In Brazilian culture, the word “malandro” can be a very controversial term. It’s usually has the connotation of a rogue, a gutter-punk, or a trickster. Someone who is very devious and dosen’t play by the rules. They follow a way of life called “malandragem,” or getting the advantage by any means possible.
It evokes a bit of a bad-boy persona, one that’s memorialized in songs and folklore.
But in martial arts like capoeira, malandro and malandragem has a much more positive meaning.
There it describes someone who is extremely versatile and can problem solve on cue. Fluid situational awareness and unconventional problem solving then take on an almost positive quality.
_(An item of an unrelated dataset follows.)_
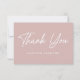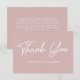 Ett enkelt babyduschkort som visar "Tack" på framsidan i ett fet vitt skript med dammig ro bakgrund. Anpassa kortets framsida med ditt namn eller din anpassningsbar. Baksidan av dammiga ro tackar du visningarna med ditt budskap om anpassningsbar och namn.

The word “hacker” can be just as controversial. In the programming community, hackers are inventive makers and testers, participating in a vibrant collaborative community. To the outside world, hackers are malcontents and thieves, bent on destroying people’s online lives and corrupt their data for laughs.
Sometimes the steretype gets taken to the extreme…
Hackers are a lot like malandros - they make things work, adapting to problems and systems at the tip of a fedora with everything they have on hand in any way they can. There’s no straight and narrow thinking - just bubbly, shapeshifting inventness.
And on the topic of hacking the planet, here are some awesome worldwide and national hackathons:
NASA Space Apps Challenge
BattleHack
International Open Data Hackathon
Code for America
Oi malandro e malandro! - A malandro is a malandro!